PERISCOPE is a numerical toolbox for the simulation of geophysical flows using
variable resolution unstructured meshes.
Presently, a nonlinear rotating shallow water model is available — solved on planar and spherical domains (either the full sphere or regional pieces thereof), with support for various boundary conditions, drag laws and forcing types.
See MODELS.md for additional detail regarding the formulation, numerics and model
output.
A staggered, unstructured mesh mimetic finite-volume / difference discretisation is employed that maintains the energy (and to a lesser extent enstrophy) balances associated with geophysical flows.
PERISCOPE is implemented using a mix of Python and Cython and must first be
compiled:
python setup.py build_ext --inplace
One way to install the various dependencies needed is via conda:
conda create --name periscope-utils python=X.Y
conda activate periscope-utils
pip install -r requirements.txt
While not currently intended for massively parallel HPC workflows, PERISCOPE is
written to exploit thread-based parallelism via OpenMP and is well suited to run
on single-node systems.
To run the shallow-water solver (see swe.py --help):
python swe.py \
--mesh-file="path+name-to-mpas-mesh+init-file" \
--numthread=N \
--time-span="WdXhYmZs" \
--save-time="WdXhYmZs"
Solver output is saved to an MPAS-'ish' NetCDF file that can be visualised using e.g. paraview.
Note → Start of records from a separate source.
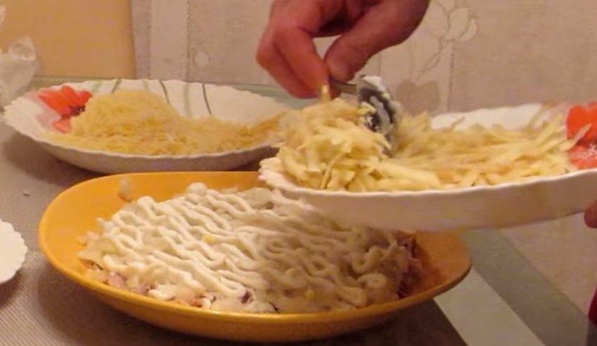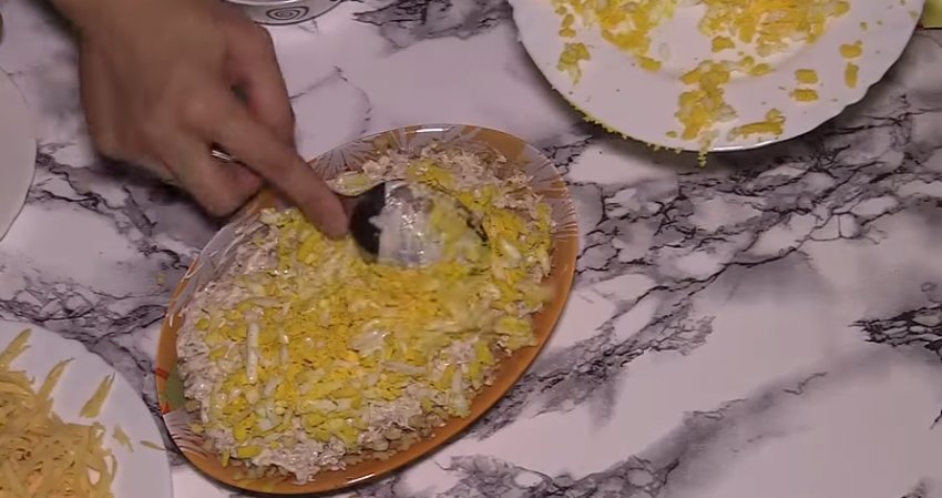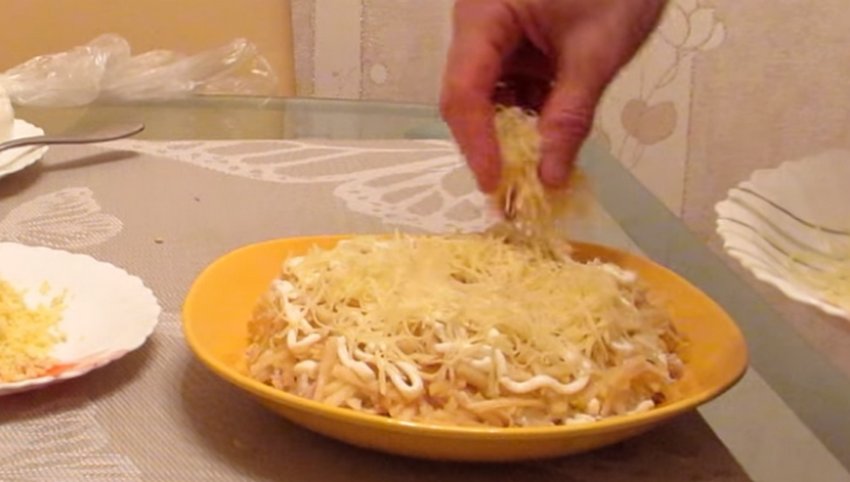 Викладіть тертий сир, причому так, щоб він не залишав просвітів від попередніх інгредієнтів, і знову промажте салат майонезом.![]()
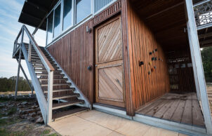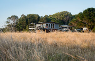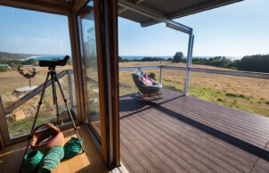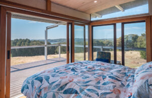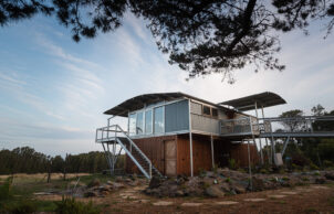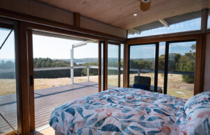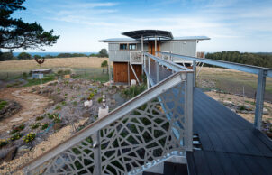 A self-contained prefabricated pod extends the living space without impacting the landscape on our NSW South Coast property. Tucked away on the 16-hectare bushland property, our Ecoshelta pavilion takes advantage of its jaw-dropping headland position while minimising the impact on the landscape and environment.
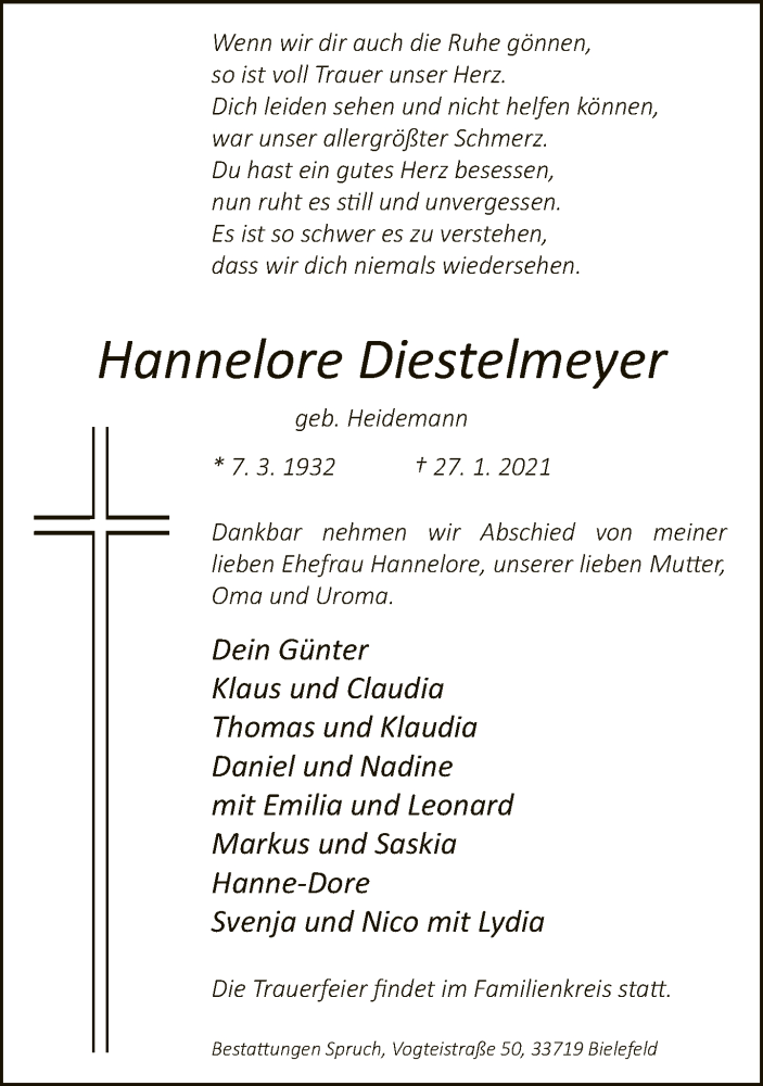 Hier finden Sie alle Traueranzeigen aus der Zeitung, die bisher für Hannelore Diestelmeyer erschienen sind. Weitere Traueranzeigen, die in der Zeitung erscheinen, werden hier ebenfalls aufgelistet
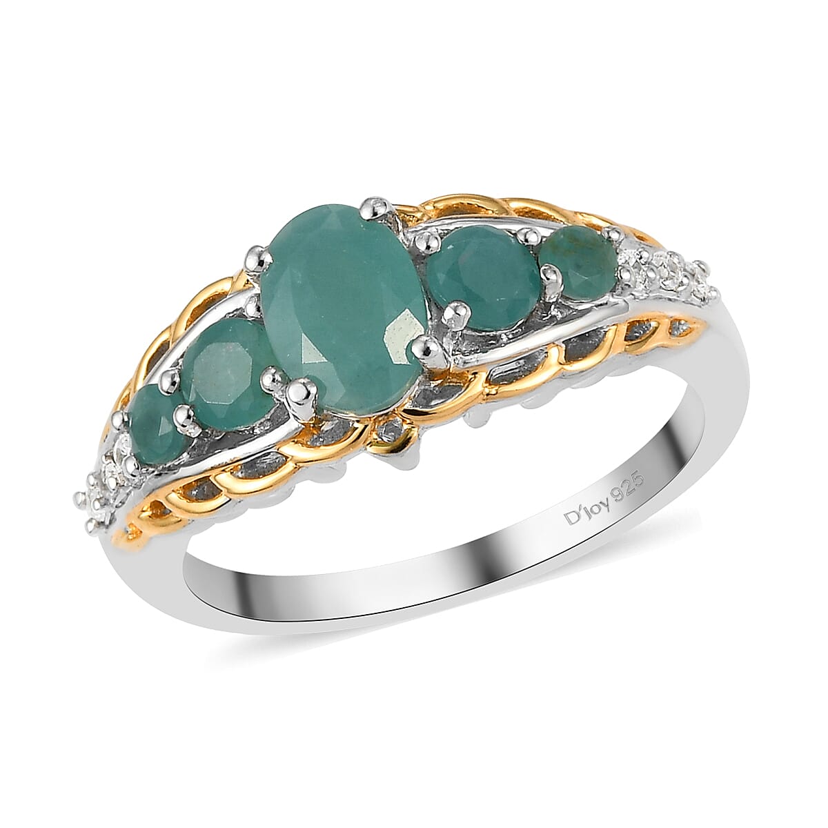 Premium Grandidierite and Natural White Zircon Ring in Vermeil Yellow Gold and Platinum Over Sterling Silver (Size 8.0) 1.40 ctw
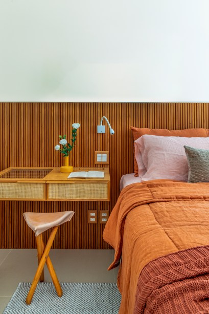 “O uso do painel combinado a outros elementos naturais como a palha e o mármore trazem o aconchego que o casal tanto desejava para seu novo lar, criando um ambiente leve e acolhedor”, conta a arquiteta.
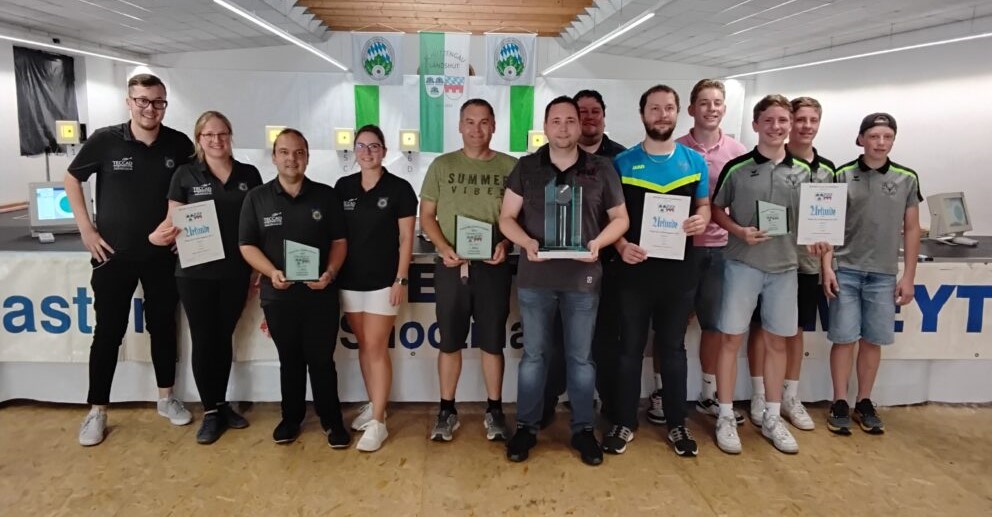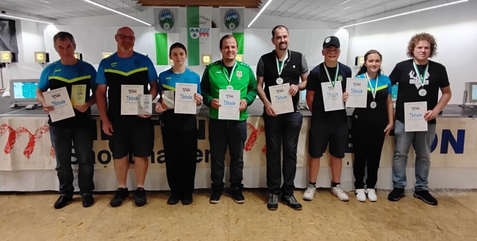 | In diesem Jahr haben sich insgesamt 44 Schützen – entweder einzeln oder als ein Teil der acht Mannschaften – aus den Landshuter Schützenvereinen an der Stadtmeisterschaft beteiligt. Die Schießtermine im 20-Schussprogramm mit Luftgewehr oder Luftpistole, aufgelegt oder freihändig, wurden bereits im April auf dem Schießstand der Wildbachschützen Landshut in Schweinbach durchgeführt. Im Juli fand nun die Preisverleihung statt, bei der die erfolgreichsten Schützen ausgezeichnet wurden. Sehr gute 22,6 Punkten reichten Anton Fröhler (Adlerhost Landshut) lediglich für den dritten Platz bei den Einzelschützen, knapp hinter dem Zweiplatzierten Roland Seiniger (Bavaria-Burg Landshut) mit 21,6 Punkten. Den von der Stadt Landshut gestifteten Wanderpokal für den besten Einzelschützen holte sich Franz Langwieser (21,1 Punkte) von den Wildbachschützen Landshut. Bei den Schützinnen ging es ähnlich eng zu: Mit 79,3 Punkten landete Celina Kathleen Jost von den Wildbachschützen Landshut knapp hinter Petra Ruhsam (Wildbachschützen Landshut) mit 78,1 Punkten. Tamara Brennhofer (Adlerhorst Landshut) sicherte sich souverän mit 64,6 Punkten den ersten Platz und bekam den Wanderpokal für die beste Einzelschützen von der Spenderin Patricia Steinberger (SPD) überreicht. Der eigenen Wertung der Stadträte sowie Mitarbeitern aus den Referaten der Stadt Landshut schlossen sich in diesem Jahr gleich vier Schützen mehr als im Vorjahr an. Als beste Einzelschützen gewann Sabrina Högl (Die Unfassbaren) mit 233,6 Punkten den neuen Wanderpokal und verwies Anja König (272,16 Punkte) aus der „SPD-Fraktion“ und Teamkollegin Elke Rümmelein (475,70 Punkte) auf die Plätze zwei und drei. Bei den Einzelschützen verteidigten sowohl Klaus Peißinger mit 82,63 Punkten als auch Dr. Thomas Haslinger mit 163,3 Punkten (beide Team „Bürgermeister“) ihre Vorjahresplatzierungen. Neuling Falk Bräcklein von der „SPD-Fraktion“ sicherte sich mit 280,62 Punkten den dritten Rang. In der Mannschaftswertung gelang dem Team „Bürgermeister“ mit Klaus Peißinger, Dr. Thomas Haslinger und Prof. Dr. Thomas Küffner mit insgesamt 682,33 Punkten das beste Ergebnis. Dahinter reihten sich die „SPD-Fraktion“ mit Anja König, Falk Bräcklein und Gerd Steinberger (890,94 Punkte) auf dem 2. Platz und die „AfD-Fraktion“ (bestehend aus Günter Straßberger, Wolfram Schubert und Markus Kretz) mit 1.163,04 Punkten auf dem dritten Platz ein. In der Mannschaftswertung geht es darum, wer die handbemalte Wanderscheibe für ein Jahr in sein Schützenheim hängen darf. Diese wurde vom Schirmherrn Helmut Radlmeier gestiftet und zeigt neben dem mittelalterlichen Landshuter Ländtor auch die Wappen der vier Schützenvereine, die die Organisation der Stadtmeisterschaft seit letztem Jahr übernommen haben. Mit 462,4 Punkten erreichten die Treue Bayern Landshut erneut den dritten Platz. Davor setzte sich die Bavaria-Burg Landshut 1 mit 388.4 Punkten. Der 1. Platz bei der Stadtmeisterschaft 2024 und damit auch die Wanderscheibe ging an Franz Langwieser, Klaus Ruhsam, Engelbert Senftl, Stefan Erlmaier und Stefan Langwieser (Wildbachschützen Landshut 1) mit einem Gesamtergebnis von insgesamt 266,6 Punkten. |

Input files for various cases can be built from
MPAS-format mesh
files using the utilities provided — see the cases in run for details.
For example, to build and run the barotopic jet of Galewesky et al (meshes available from the repository release assets):
python ICs/jet.py \
--mesh-file="mesh_w_elev_cvt_7.nc" \
--init-file="jet_cvt_7.nc" \
--with-pert=True --radius=6371220.
python swe.py \
--mesh-file="jet_cvt_7.nc" \
--numthread=N \
--time-span="6d" --save-time="1d" --stat-time="1d"
Output is saved to the out_jet_cvt_7.nc file, which can be opened for visualisation
using e.g. paraview.